I am an illustrator/arch viz artist who renders up scenes with many millions of polygons (think ~50 million). My scenes are typically comprised of many medium/low poly objects in multi-tiered hierarchies, rather than a few ultra-high poly objects.

A friend of mine was telling me how fast Unreal is as a renderer and that I should switch to it from 3DS Max/Mental Ray. However, on trying this software, it has gotten stuck even trying to import part of my scenes (about 20 mil polys total). This makes me think that Unreal is NOT suited for my purposes, unless there’s some way to optimize it for such. Thoughts?

Thanks,

Unreal can be very powerful if you have a lot of low to med-poly objects, and are duplicating them a lot of times to build up a more complex scene. I’ve got scenes over 1B polys rendered at 4K on the previous generation workstation GPUs, so complex scenes are definitely possible! Frame rate was not great (you certainly couldn’t ‘play’ it), but it was naviagable.
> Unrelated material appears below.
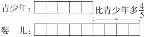 (3)龙一鸣根据“婴儿每分钟心跳的次数比青少年多$\frac{4}{5}$”画出了下面的示意图,下列说法错误的是( )。
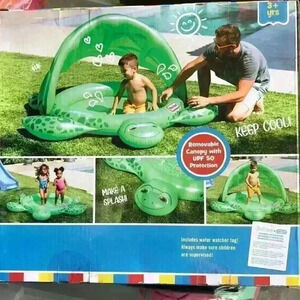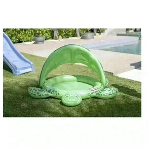 "Welcome to a world of sun-drenched fun with Timmy Turtle! The Little Tikes Timmy Turtle Canopy Pool is a delightful inflatable pool designed for quick setup, ensuring your little ones can dive into their water adventure without delay. The pool inflates rapidly and fills with water just as swiftly, making pool-time a pleasure rather than a chore. And when the day's water escapades are over, the handy drain plug makes emptying and storage a breeze. Children will find endless joy in this safe, shallow pool, designed to provide a refreshing oasis for them to splash and play to their heart's content. And who could resist Timmy's vibrant green hue and charming face? This pool is not just about fun; it's about creating a magical aquatic playground for your little ones. In addition, the pool features a removable sunshade, ensuring that the fun can go on, even in the bright sun. The sunshade provides UPF 50 protection, giving you peace of mind while your children play. With abundant space for water games, your children will adore spending time in this enjoyable pool." Great for both boys and girls ages 2-6 years old.

Where you might struggle is If you have a pre-built scene layout, and are trying to import the whole thing in one go for rendering in Unreal. Unreal does a lot of optimization, compression and pre-processing on import, so this could take many hours (or freeze / fail entirely).

Well I would not what to do a 50 million all in one environment. My preference would be to use level streaming and break things down into bite size pieces. Think of it as the UE4 version of Max’s x-referencing system

You could also use occlusion culling to hide what the camera isn’t displaying, that would increase the performance greatly.
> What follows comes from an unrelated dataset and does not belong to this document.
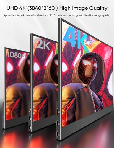 Monitor portátil 4K de 13.3 pulgadas: el monitor portátil KEEPTIME equipa una espectacular pantalla IPS A con resolución de 13.3 pulgadas, resolución de 3840 x 2160, brillo de 400 nits, relación de contraste 1500:1, 100% sRGB, ángulo de visión amplio de 178 grados y frecuencia de actualización de 60 Hz. Este monitor de viaje tiene funciones HDR, Low Blue Light y FreeSync. La pantalla externa mostrará un color nítido, una imagen vívida y detalles claros.

If it’s a little bit slow then it’s not necessarily a big issue, since it’s going to be substantially faster than rendering in Vray. But, if you have millions of polygons you should consider how much of that you really need, you might need to work with your meshes to make them more effecient. When importing to UE4 it can help to split it up into multiple files so that you can import separate portions rather than everything at once, also turn off the automatic options, some of them are on by default and will take extra time when importing, those are things like Automatically Generate Lightmap UV’s, and Automatically Generate Collision.

The biggest issue for you though would be lighting, you still have to render lighting and it requires a UV channel designed for that, which can be a huge pain when you’ve got a high resolution mesh that you didn’t need to unwrap before when rendering in Vray.
Also, there’s the upcoming Datasmith plugin which is a one-click conversion tool to go from 3ds Max to UE4, it’ll export all of your objects and place them in a level in UE4 along with converting materials from Mental Ray and Vray.

You need to learn the fine art of normal maps and use it.
You can have a lot of polys in total for your game, but you need to look into occlusion culling and Level of Detail.
Video games work in real time and the more it has to process is the more frames will lag, which is death to a game.